Читать «Семиосфера» онлайн - страница 117
Юрий Михайлович Лотман
Дерзкая выходка Руссо, декларировавшего высший смысл «нетипичной истины», и ценность Жан-Жака — отдельной уникальной личности — проложили дорогу воссозданию образа человека в романе и портрете последующей эпохи. Эти жанры не аллегоричны (в этом смысле показательны «Салоны» Дидро, настойчиво изгоняющие аллегоризм и утверждающие портретность образа человека в живописи). Они утверждают новый тип художественного сознания: герой одновременно является и неповторимо-единственным и вместе с тем каким-то образом связанным с читателем и зрителем чертами подобия. Рукотворное ведет себя как живое. С этим связана обширная цепь мифологических сюжетов, восходящих по крайней мере к античности, об оживлении рукотворного произведения искусства.
Характерно, что рационалистическое сознание, особенно распространенное в школьной практике, устойчиво стремится истолковать художественный текст однопланово. От того, что темы сочинений былых времен: «Онегин — типичный представитель дворянского общества» — сменились такими, как «Татьяна, русская душою», общая тенденция «выпрямлять противоречия» и сводить многообразие к однозначности не изменилась. Неоднократно приходилось слышать, что, например, усложнение образа Татьяны противоречием, которое вносят в него строки:
Она по-русски плохо знала
<…>
И выражалася с трудом
На языке своем родном… (VI, 63) —
снижает «воспитательное» значение образа.

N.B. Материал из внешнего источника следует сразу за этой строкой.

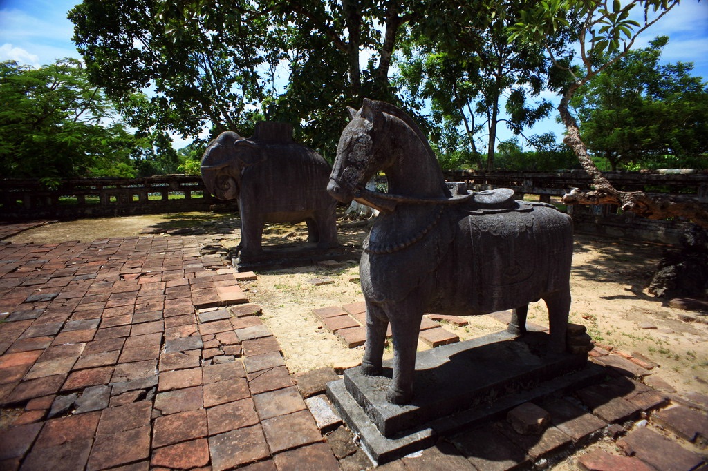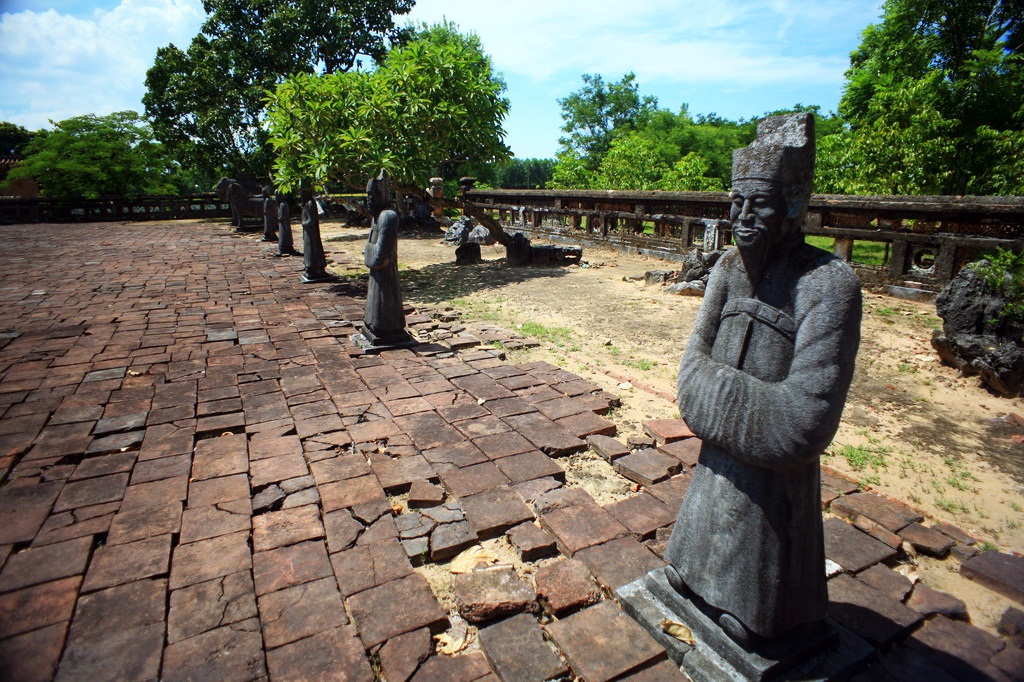 Ở hai bên sân chầu là hai hàng tượng đá, đặc trưng cho nghệ thuật tạc tượng vào nửa đầu thế kỷ XIX ở Huế. Ngay sau hồ Nhuận Trạch là một nghi môn bằng đồng đúc theo kiểu “long vân đồng trụ” dẫn vào sân Bái Đình rộng lớn.

Было бы, однако, слишком просто приписать вину школьной практике и свалить все на учителей. Речь должна идти о свойственном искусству противоречии, которое одновременно является его силой и слабостью и не может быть преодолено в принципе, поскольку позволяет художественному тексту оперировать одновременно и собственными, и нарицательными именами.
1 См. наст. изд., с. 37.
Феномен искусства
Трансформация, которую переживает реальный момент взрыва, будучи пропущен через решетку моделирующего сознания, превращая случайное в закономерное, еще не завершает процесс сознания. В механизм включается память, которая позволяет вновь вернуться к моменту, предшествовавшему взрыву, и еще раз, уже ретроспективно, разыграть весь процесс. Теперь в сознании будет как бы три пласта: момент первичного взрыва, момент его редактирования в механизмах сознания и момент нового удвоения их уже в структуре памяти. Последний пласт представляет собой основу механизма искусства.

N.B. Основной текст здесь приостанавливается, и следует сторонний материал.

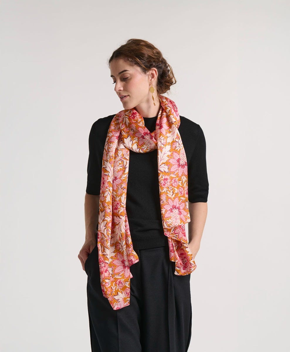Souleiado Femme Accessoires Etole En Soie Sylvéréal Orange Framboise 70x 200 Cm | Orange & Framboise

Позитивистская философия XIX в., с одной стороны, и гегельянская эстетика, с другой, утвердили в нашем сознании представление об искусстве как отражении действительности. Одновременно разнообразные неоромантические (символистские и декадентские) представления широко распространили взгляд на искусство как на нечто противоположное жизни. Противопоставление это воплощалось в антитезе свободы творчества и рабства действительности. Оба воззрения не могут быть названы ни истинными, ни ложными. Они изолируют и доводят до невозможного в жизни максимума те тенденции, которые в реальном искусстве нераздельно взаимосвязаны.